First, you only knew about it because you saw a private text message that you shouldn’t have seen. It would be different if you had walked in on them, or your intern told you about it, or the boyfriend had accidentally sent the message to you — in which case you’d have to respond. But none of that happened; you just saw a private text message. For all we know, this carnal act didn’t even happen — maybe they have an elaborate fantasy life. You could plausibly just write it off to a private exchange that you were never meant to see and therefore don’t have to act on. (Obviously I’m factoring in the level of harm here. If you’d seen a private text message plotting to burgle the building or kidnap your boss or something, my advice would be different.)

However, it’s also reasonable to use it as background information about your intern’s judgment and professionalism. For example, if I saw that message, I’d think about whether the intern could be trusted to work in the office alone … and whether there were security ramifications to her letting her boyfriend in when no one else was around (in some offices that wouldn’t be a big deal and in others it would matter very much). I’d also think about whether it was surprising or not; if it was part of a pattern of bad judgment, it would prompt me to address the overall pattern more aggressively (even if not this specifically).

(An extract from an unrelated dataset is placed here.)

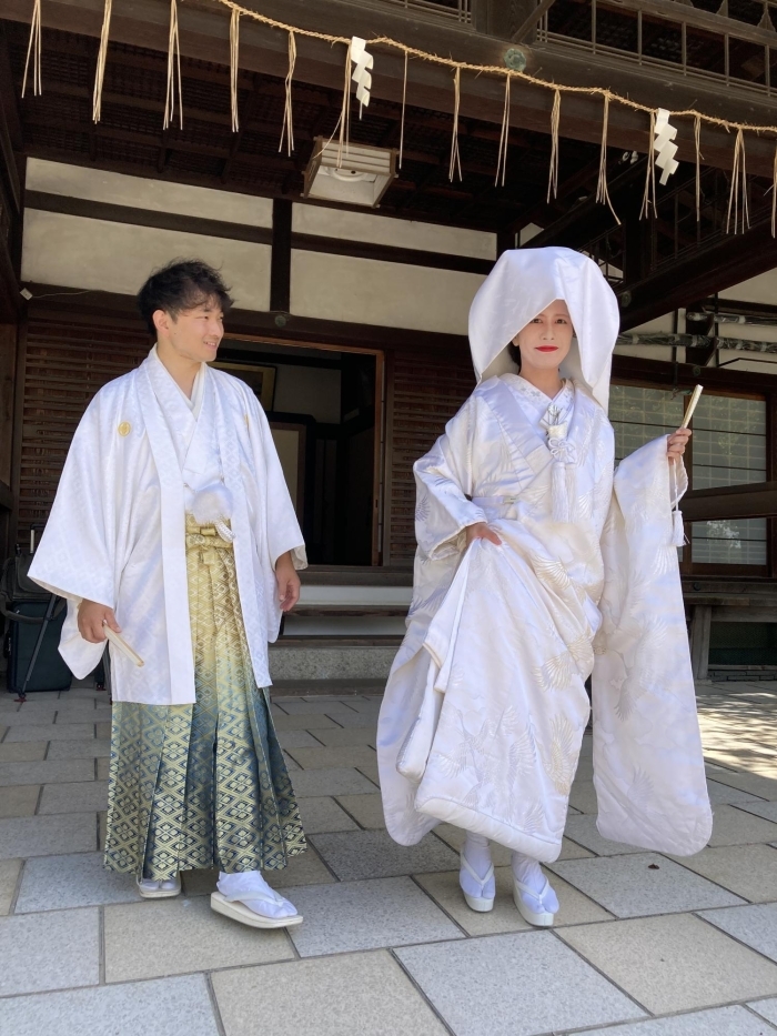 お色直し後の二人。藤森神社にて

That’s not to say you couldn’t have addressed it with her directly, though. Just because you saw something you weren’t supposed to see doesn’t mean it’s off-limits to address. It would be different if you’d intentionally gone snooping through her phone, but it was right there when you were at her desk for work-related reasons. So in theory you could have said, “This is awkward, but unfortunately a message came up on your phone when I was at your desk and I couldn’t help seeing it. I want to be really clear that you could be fired for what it says happened — you can’t use the office space that way and you need to realize it’s not private. Someone could have walked in unexpectedly and been a non-consenting witness to something no one should be exposed to at work. I assume that aspect of it wasn’t on your mind, so I need to make sure you understand it’s a big deal.” If you did choose to address it, I don’t think you’d need to say more than that. She’d be highly likely to be mortified, and the message received.

But assuming the intern otherwise seemed reasonably responsible and this wasn’t incident 32 in a parade of problems, I think choosing to pretend you hadn’t looked down in the moment and didn’t see what you saw was pretty understandable too.